• [Assignment] Return the stretch from the line with "Foto 2: Finalización" through the line with "الدكتور إبراهيم برام رئيس جمهورية العراق" in the data below, character for character, skipping all pictures.

• [Recorded information]

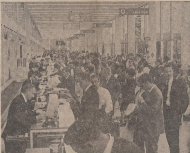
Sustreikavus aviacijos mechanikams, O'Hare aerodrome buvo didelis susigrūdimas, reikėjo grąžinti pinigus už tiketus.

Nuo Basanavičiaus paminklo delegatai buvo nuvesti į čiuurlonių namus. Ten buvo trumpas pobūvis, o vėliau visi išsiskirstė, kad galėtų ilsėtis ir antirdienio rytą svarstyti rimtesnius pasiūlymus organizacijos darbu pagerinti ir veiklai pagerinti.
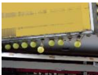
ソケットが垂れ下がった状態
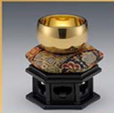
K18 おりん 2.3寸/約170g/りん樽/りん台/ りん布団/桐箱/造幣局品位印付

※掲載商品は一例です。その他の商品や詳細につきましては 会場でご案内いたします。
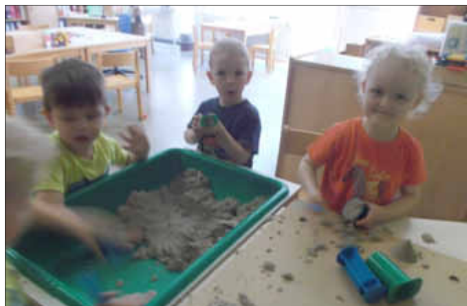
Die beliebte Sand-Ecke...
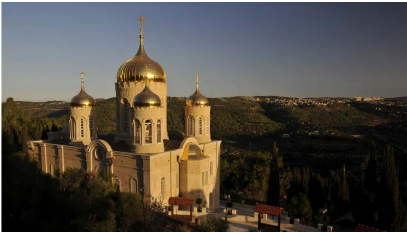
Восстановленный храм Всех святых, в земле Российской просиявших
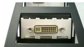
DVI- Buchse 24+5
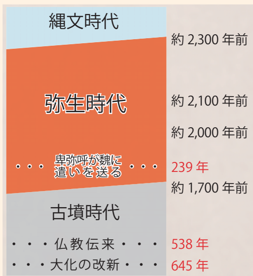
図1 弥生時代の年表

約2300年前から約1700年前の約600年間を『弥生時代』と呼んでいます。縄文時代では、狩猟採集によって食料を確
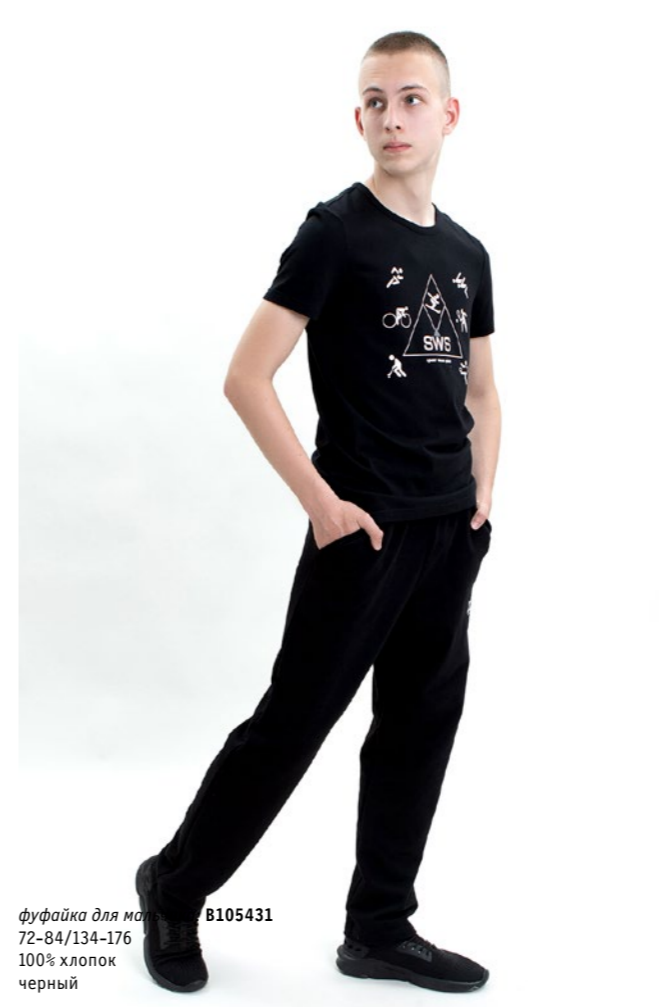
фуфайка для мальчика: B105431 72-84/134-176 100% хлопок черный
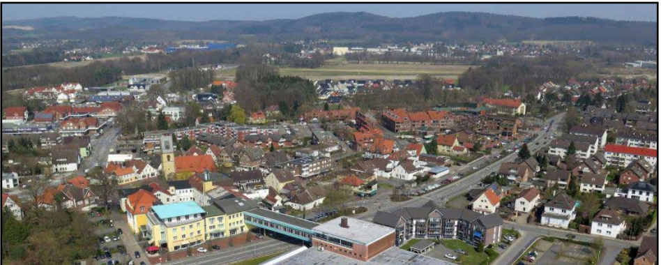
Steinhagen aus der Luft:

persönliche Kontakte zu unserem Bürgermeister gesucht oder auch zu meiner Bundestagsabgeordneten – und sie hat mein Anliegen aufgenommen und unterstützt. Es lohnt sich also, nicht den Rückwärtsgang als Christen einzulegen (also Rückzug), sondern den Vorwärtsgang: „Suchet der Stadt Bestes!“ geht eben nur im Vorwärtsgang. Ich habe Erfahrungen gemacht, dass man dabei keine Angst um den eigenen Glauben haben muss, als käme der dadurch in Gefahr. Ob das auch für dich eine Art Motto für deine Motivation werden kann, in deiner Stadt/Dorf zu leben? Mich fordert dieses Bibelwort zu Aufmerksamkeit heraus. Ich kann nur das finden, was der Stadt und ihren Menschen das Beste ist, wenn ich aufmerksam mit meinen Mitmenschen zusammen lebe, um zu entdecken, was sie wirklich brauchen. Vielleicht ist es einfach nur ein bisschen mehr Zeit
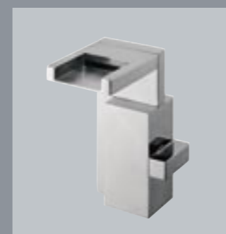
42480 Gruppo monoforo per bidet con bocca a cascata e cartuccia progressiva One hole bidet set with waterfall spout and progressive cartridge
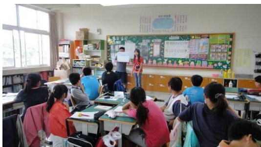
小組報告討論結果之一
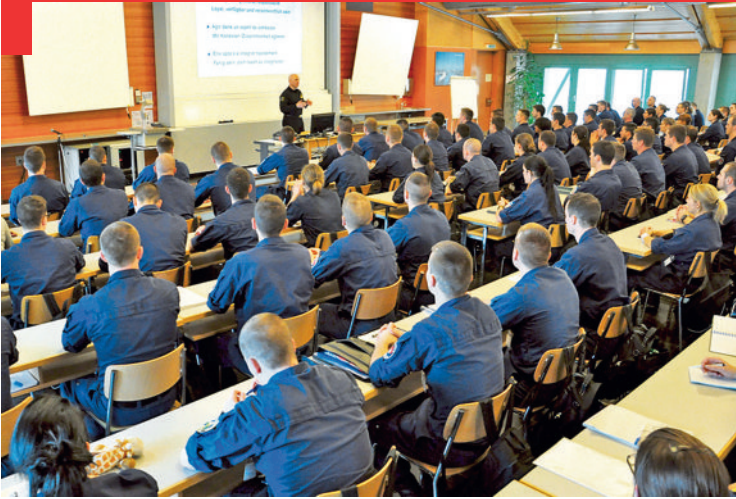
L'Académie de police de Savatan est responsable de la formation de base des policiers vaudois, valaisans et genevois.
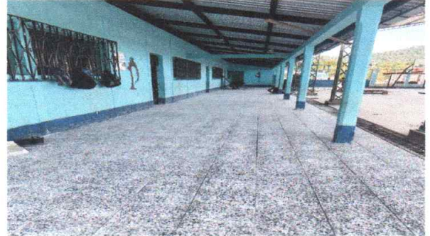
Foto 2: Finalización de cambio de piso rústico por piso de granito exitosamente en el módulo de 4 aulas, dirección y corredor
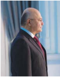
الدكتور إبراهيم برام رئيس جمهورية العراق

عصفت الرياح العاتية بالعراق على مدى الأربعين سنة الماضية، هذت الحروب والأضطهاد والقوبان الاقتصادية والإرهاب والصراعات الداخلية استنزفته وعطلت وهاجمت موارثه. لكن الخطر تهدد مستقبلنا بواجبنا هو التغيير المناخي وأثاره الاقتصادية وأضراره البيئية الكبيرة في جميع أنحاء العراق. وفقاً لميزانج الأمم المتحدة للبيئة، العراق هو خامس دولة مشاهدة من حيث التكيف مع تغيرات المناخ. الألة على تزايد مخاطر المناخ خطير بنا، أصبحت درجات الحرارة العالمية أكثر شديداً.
--
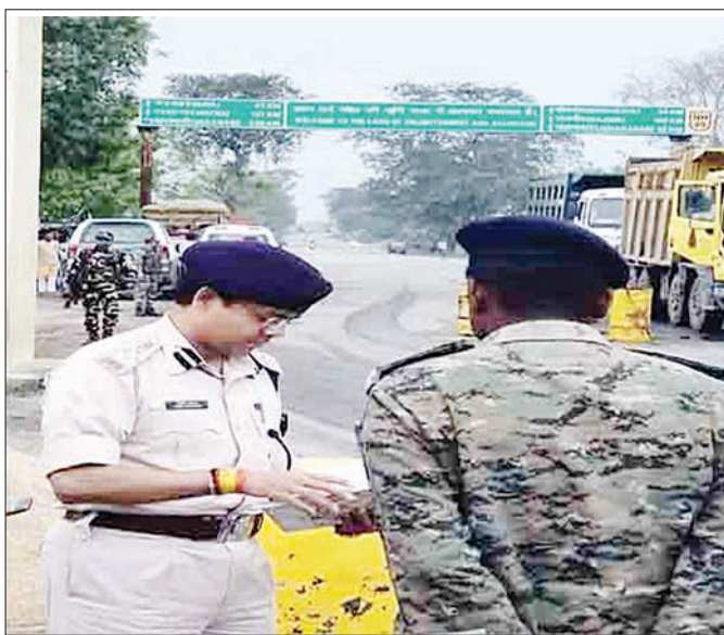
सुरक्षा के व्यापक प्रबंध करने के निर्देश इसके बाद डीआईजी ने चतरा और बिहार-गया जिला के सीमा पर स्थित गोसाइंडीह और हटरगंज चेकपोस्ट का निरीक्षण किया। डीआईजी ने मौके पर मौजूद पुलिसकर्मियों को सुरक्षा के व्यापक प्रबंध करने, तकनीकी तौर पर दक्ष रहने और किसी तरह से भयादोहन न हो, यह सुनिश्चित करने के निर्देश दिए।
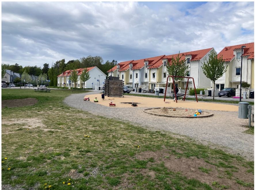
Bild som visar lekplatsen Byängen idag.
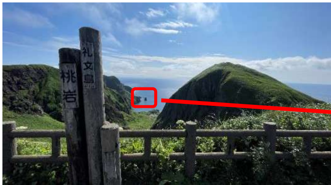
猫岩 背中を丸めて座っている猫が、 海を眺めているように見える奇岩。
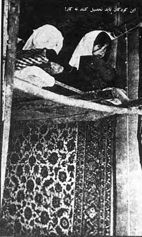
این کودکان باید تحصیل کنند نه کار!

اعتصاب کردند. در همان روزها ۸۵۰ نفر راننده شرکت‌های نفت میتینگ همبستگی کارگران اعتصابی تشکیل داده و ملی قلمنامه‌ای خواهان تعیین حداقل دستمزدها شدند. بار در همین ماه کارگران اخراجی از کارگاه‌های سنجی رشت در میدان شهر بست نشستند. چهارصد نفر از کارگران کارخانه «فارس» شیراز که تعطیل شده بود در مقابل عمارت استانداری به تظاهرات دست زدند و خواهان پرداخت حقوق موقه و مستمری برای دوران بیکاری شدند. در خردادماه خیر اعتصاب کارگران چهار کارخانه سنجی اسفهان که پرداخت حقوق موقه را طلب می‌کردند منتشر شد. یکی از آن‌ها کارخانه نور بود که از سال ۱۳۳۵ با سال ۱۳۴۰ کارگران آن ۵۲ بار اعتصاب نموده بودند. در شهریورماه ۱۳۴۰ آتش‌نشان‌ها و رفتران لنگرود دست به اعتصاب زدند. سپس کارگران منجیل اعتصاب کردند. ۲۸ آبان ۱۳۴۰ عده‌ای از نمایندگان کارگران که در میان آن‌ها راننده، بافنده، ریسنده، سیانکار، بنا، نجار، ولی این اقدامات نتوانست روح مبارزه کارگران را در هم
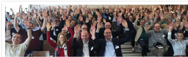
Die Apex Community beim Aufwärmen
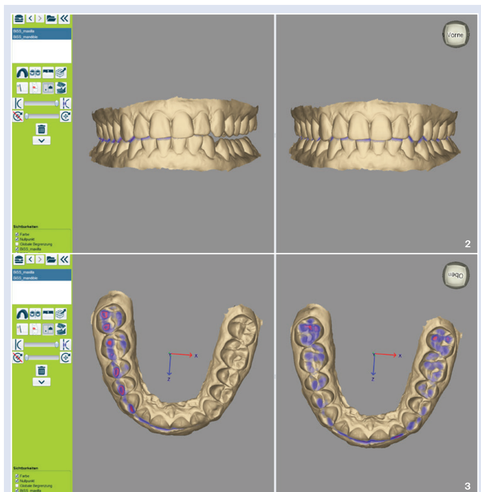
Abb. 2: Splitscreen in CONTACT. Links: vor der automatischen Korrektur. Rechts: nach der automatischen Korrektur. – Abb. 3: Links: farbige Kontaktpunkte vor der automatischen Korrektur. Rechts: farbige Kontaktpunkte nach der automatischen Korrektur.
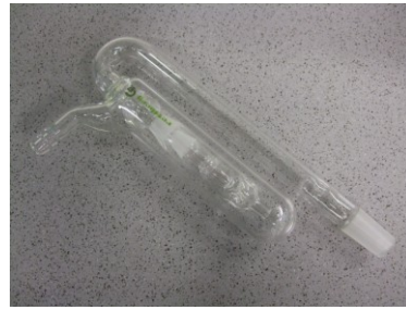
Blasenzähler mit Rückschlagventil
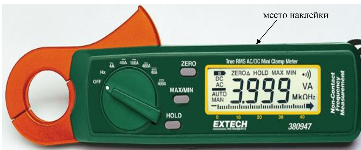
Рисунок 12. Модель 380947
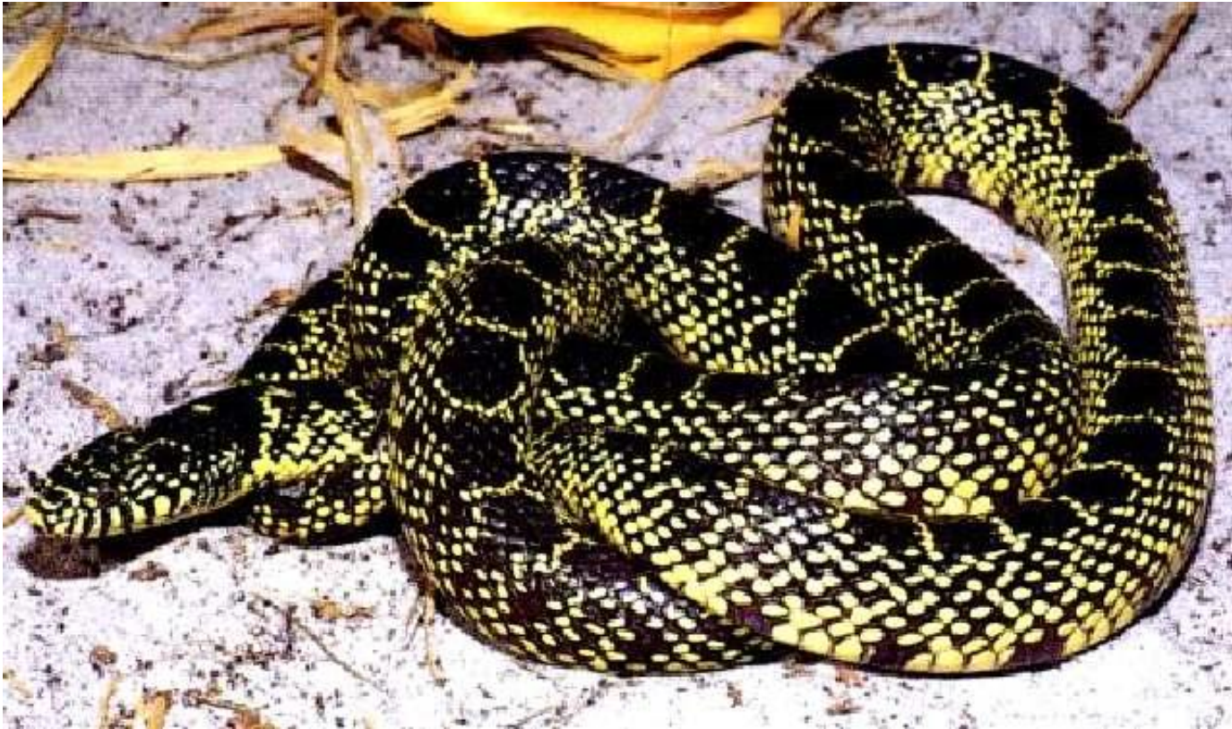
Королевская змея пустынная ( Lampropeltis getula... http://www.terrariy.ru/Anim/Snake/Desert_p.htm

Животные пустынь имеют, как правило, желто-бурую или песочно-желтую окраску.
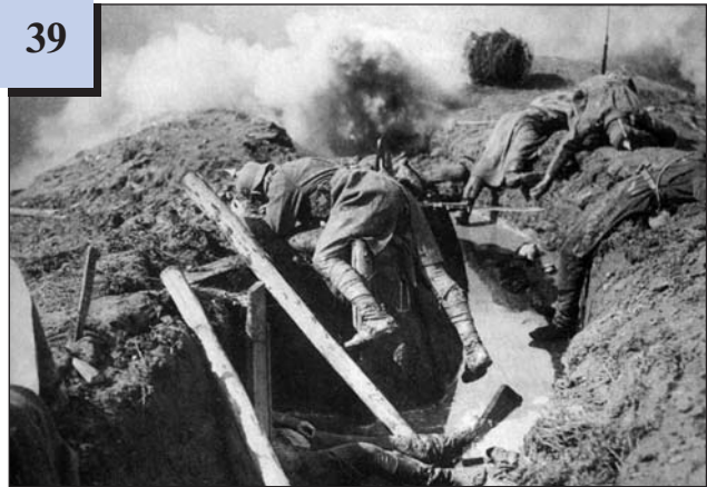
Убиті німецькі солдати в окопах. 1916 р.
==
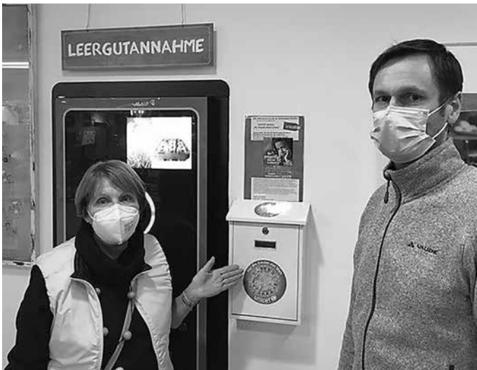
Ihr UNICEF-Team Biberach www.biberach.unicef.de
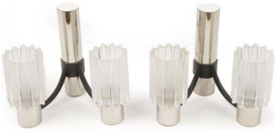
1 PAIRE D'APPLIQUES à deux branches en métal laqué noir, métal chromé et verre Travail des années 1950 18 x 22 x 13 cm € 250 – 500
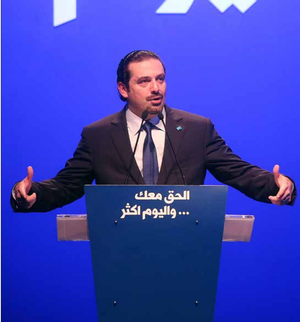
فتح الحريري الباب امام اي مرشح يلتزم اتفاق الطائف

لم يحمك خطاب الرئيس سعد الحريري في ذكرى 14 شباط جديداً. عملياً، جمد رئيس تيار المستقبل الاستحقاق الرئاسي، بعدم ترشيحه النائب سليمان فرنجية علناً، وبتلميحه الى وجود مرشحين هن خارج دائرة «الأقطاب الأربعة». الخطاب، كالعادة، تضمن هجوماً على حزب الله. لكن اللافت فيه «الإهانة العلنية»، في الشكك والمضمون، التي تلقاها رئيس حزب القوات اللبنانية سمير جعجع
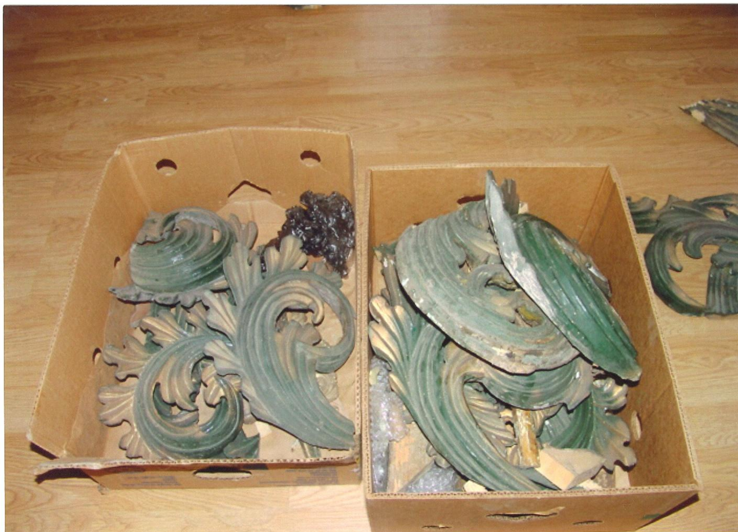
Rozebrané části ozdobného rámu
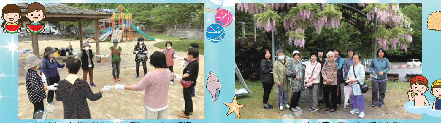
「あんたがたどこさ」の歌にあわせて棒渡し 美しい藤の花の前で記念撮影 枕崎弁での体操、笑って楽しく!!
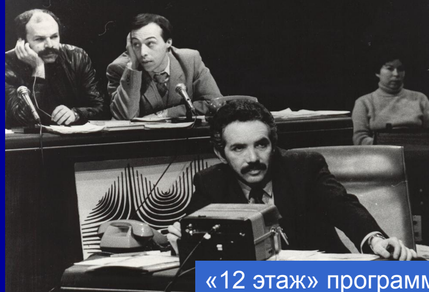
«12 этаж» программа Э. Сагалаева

• [Exercise output]
Foto 2: Finalización de cambio de piso rústico por piso de granito exitosamente en el módulo de 4 aulas, dirección y corredor
الدكتور إبراهيم برام رئيس جمهورية العراق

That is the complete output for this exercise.